The author makes a call out to the online book Forecasting: Principles and Practice which is a great reference when conducting time series analyses. https://otexts.com/fpp3/
I found it to be way too underspecific; more of cursory overview for a undergraduate seeing it for the first time in a business school than someone interested in digging into time series forecasting in depth. Don't have a better recommendation though, unfortunately.
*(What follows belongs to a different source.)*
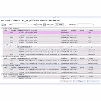 - Integrità e conformità dei dati: soddisfa gli standard di integrità dei dati utilizzando controlli tecnici integrati per acquisire, elaborare, segnalare e archiviare i dati in modo sicuro come i laboratori che devono rispettare le linee guida di conformità FDA 21 CFR Parte 11, Allegato 11 UE, GAMP5, nonché ISO/IEC 17025 e 40 CFR Parte 160 dell'EPA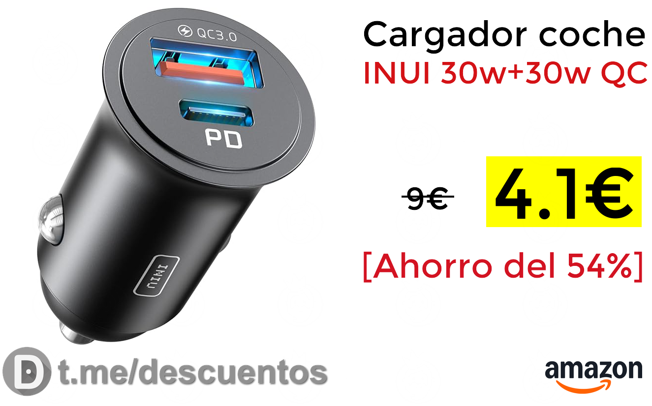 🔹Cargador coche INUI 30w+30w QC solo 4.1€❗️⚡️ (PVP: +9€)

> At the end of each chapter we provide a list of “further reading”. In general, these lists comprise suggested textbooks that provide a more advanced or detailed treatment of the subject. Where there is no suitable textbook, we suggest journal articles that provide more information.
ARIMA models, seasonal adjustments,... this is still largely based on the Box-Jenkins method (developed in the 70's!). I feel like this stuff has been taught the same way for decades now (maybe similar to undergraduate classical mechanics or other topics that are considered 'solved'). Is this really still the state of the art? Time series analysis seems oddly close to machine learning, which seems to move at break-neck speed all the time, yet it feels completely stuck in time. Can someone unravel that paradox for me?
TS models are constrained by the realities of the world they exist in. While you can chase benchmarks in lots of ML problems, forecasting is something that's used by basically every large business with huge consequences to getting it wrong or right.
Therefore, people stick with relatively performant & interpretable methods such as ARIMA and friends.
Additionally, most TS problems are relatively data constrained (your company/product has only existed for so long) so methods that are sample efficient (which most "modern" ML methods are not) are much more useful.
It's very very disconnected from overall modelling, with its own approaches and culture. There's little to no cross pollination from other areas of modelling.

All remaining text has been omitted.